** Data shown follows **

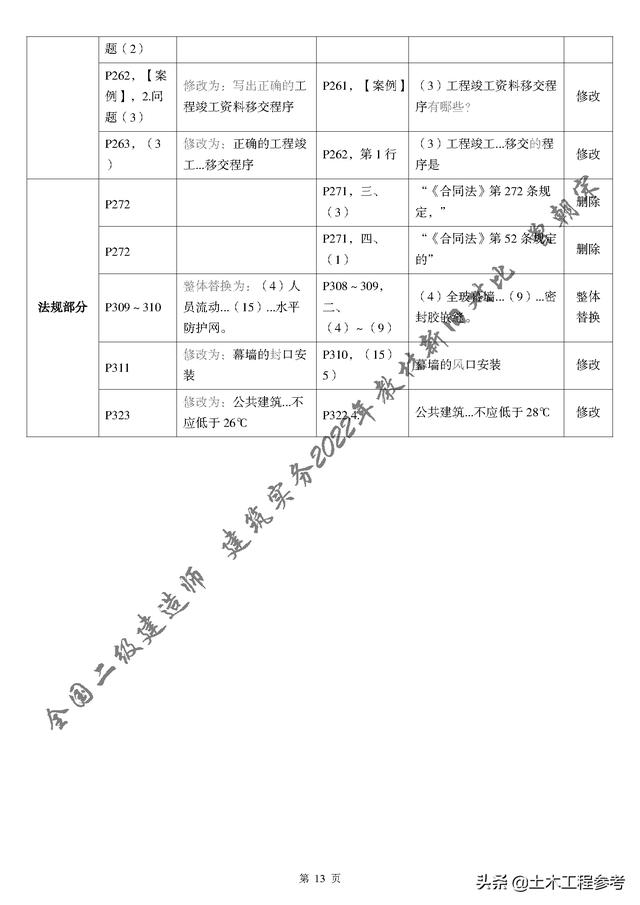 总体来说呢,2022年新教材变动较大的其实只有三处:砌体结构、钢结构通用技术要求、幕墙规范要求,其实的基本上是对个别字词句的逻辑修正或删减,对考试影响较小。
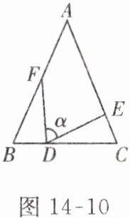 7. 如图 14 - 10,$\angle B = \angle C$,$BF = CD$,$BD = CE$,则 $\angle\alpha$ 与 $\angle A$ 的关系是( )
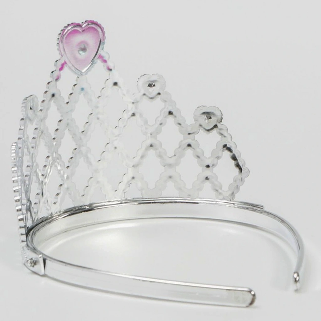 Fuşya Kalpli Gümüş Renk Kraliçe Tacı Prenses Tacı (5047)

** End of Data shown **
** Data shown follows **

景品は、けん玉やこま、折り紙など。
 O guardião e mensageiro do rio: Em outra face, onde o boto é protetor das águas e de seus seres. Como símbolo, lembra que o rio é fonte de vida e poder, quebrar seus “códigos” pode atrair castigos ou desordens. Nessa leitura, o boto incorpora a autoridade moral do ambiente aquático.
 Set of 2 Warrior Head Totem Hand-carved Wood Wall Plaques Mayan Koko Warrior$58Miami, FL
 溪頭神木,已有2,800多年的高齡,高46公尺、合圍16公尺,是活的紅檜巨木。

** End of Data shown **
** Data shown follows **

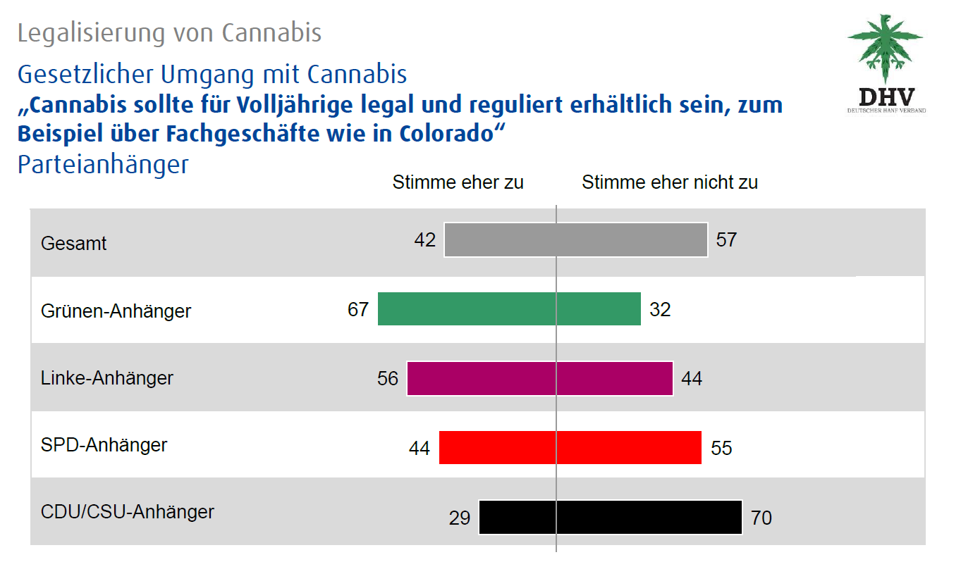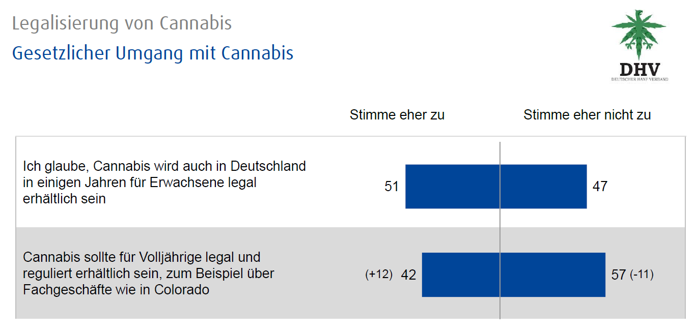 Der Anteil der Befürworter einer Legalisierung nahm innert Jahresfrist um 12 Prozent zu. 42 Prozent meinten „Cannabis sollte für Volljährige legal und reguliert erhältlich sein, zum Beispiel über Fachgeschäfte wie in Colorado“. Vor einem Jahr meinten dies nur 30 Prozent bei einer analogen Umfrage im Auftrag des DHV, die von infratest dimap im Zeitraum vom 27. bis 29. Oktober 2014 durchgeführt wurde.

** End of Data shown **

Work to be completed:
With the first line being the one containing "O guardião e" and the last line the one containing "溪頭神木,已有2,800多年的高齡,高46公尺、合圍16公尺,是活的紅檜巨木。", transcribe exactly the lines above that fall in that range.

Answer to this exercise:
 O guardião e mensageiro do rio: Em outra face, onde o boto é protetor das águas e de seus seres. Como símbolo, lembra que o rio é fonte de vida e poder, quebrar seus “códigos” pode atrair castigos ou desordens. Nessa leitura, o boto incorpora a autoridade moral do ambiente aquático.
 Set of 2 Warrior Head Totem Hand-carved Wood Wall Plaques Mayan Koko Warrior$58Miami, FL
 溪頭神木,已有2,800多年的高齡,高46公尺、合圍16公尺,是活的紅檜巨木。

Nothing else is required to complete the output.